• Information provided:
+--
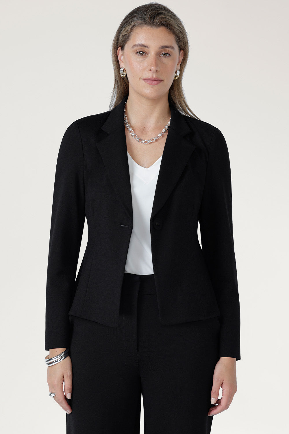 Crafted from our much-loved Tech Stretch fabric, the Shortline Tailored Jacket is a new silhouette that expertly elevates every outfit. Designed for modern workwear, it features a polished structure with comfortable four-way stretch that moves with you throughout the day. A versatile, shorter-length tailored blazer perfect for professional settings and everyday styling.
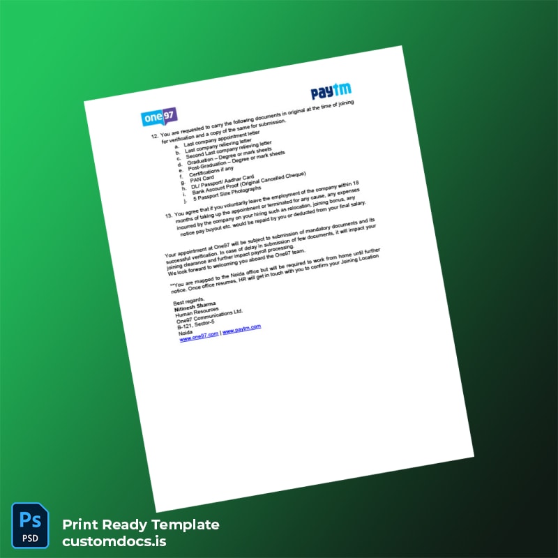 Whether you are updating existing records or creating new verifications, this comprehensive and customizable solution transforms a tedious task into a quick, professional process. Download the India One97 Communications Ltd Employment Verification Letter Template now and deliver trusted employment evidence with confidence and ease.
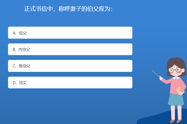科普星空体育官网入口网站問答:正式書信中,稱呼妻子的伯父應為:
+--
• Exercise details: Output all the material exactly. The pictures are to be left out.

• Response to this exercise:
 Crafted from our much-loved Tech Stretch fabric, the Shortline Tailored Jacket is a new silhouette that expertly elevates every outfit. Designed for modern workwear, it features a polished structure with comfortable four-way stretch that moves with you throughout the day. A versatile, shorter-length tailored blazer perfect for professional settings and everyday styling.
 Whether you are updating existing records or creating new verifications, this comprehensive and customizable solution transforms a tedious task into a quick, professional process. Download the India One97 Communications Ltd Employment Verification Letter Template now and deliver trusted employment evidence with confidence and ease.
科普星空体育官网入口网站問答:正式書信中,稱呼妻子的伯父應為:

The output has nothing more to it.